If you pass the string "accuracy" or "acc", Based on the loss function used and the output shape of the model, this is tf.keras.metrics.BinaryAccuracy, tf.keras.metrics.CategoricalAccuracy、 tf.keras.metrics.SparseCategoricalAccuracy Convert to one of.

about it.

You can also specify metrics = ['mae'], but this seems to be for regression problems and to find Mean Absolute Error. Also, it seems that you can specify a loss function, so don't get confused.

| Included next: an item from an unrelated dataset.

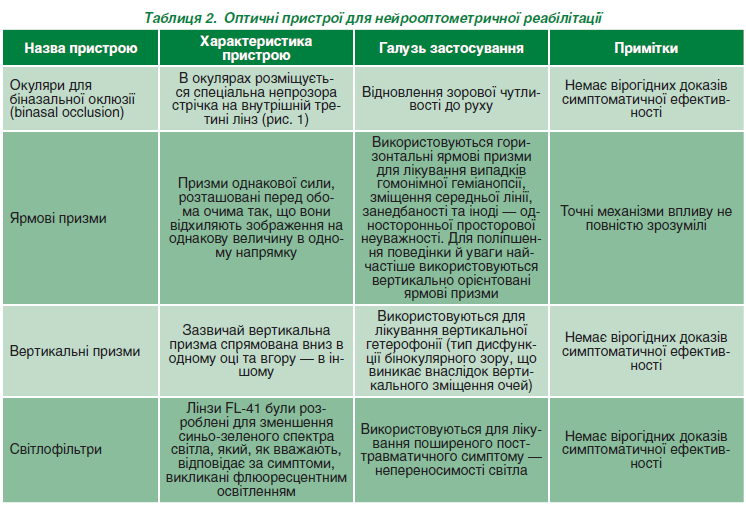 Клінічний досвід довів, що мікропризми є потужним інструментом для лікування симптомів посттравматичного зорового синдрому. Автори дослідження визначають, що, можливо, більшість змін у стані здоров’я були миттєвими, за винятком головного болю. Подальше застосування мікропризм у пацієнтів, які мали подібні проблеми, привело до дуже високого відсотка полегшення симптомів [8]. Пропонується застосовування низки пристроїв у сфері нейрооптометричної реабілітації для лікування стійких зорових скарг після легких черепно-мозкових травм. Інформація про оптичні пристрої наведена в табл. 2 [18].

Converts the string "accuracy" ~ to one of ~ tf.keras.metrics.SparseCategoricalAccuracy.

As you can see, it seems that the function itself is actually specified, but if you specify it with a character string identifier, it will be converted. This is also true for optimizations and loss functions. If you specify it as a character string, it will be easier to understand and you will be less likely to make a mistake, but the parameter will be the default value.

For example, if you specify'adam'in the optimizer, it calls the class Adam in the module tensorflow.python.keras.optimizer_v2.adam.py, but the following parameters are set by default. learning_rate=0.001, beta_1=0.9, beta_2=0.999,

"Deep Learning from scratch" P175 Adam sets three hyperparameters. One is the learning coefficient so far (appeared as α in the paper). The latter two are the coefficient β 1 for the primary moment and the coefficient β 2 for the secondary moment. According to the paper, the standard settings are 0.9 for β1 and 0.999 for β2, and that setting seems to work in most cases.

So, it seems that there is no problem with the default value, but if you want to change this, you have to specify the function directly.

model.compile(optimizer=keras.optimizers.Adam(0.001, 0.9, 0.999), 
              loss=keras.losses.SparseCategoricalCrossentropy(),
              metrics=[keras.metrics.SparseCategoricalAccuracy()])

Model training

model.fit(train_images, train_labels, epochs=5)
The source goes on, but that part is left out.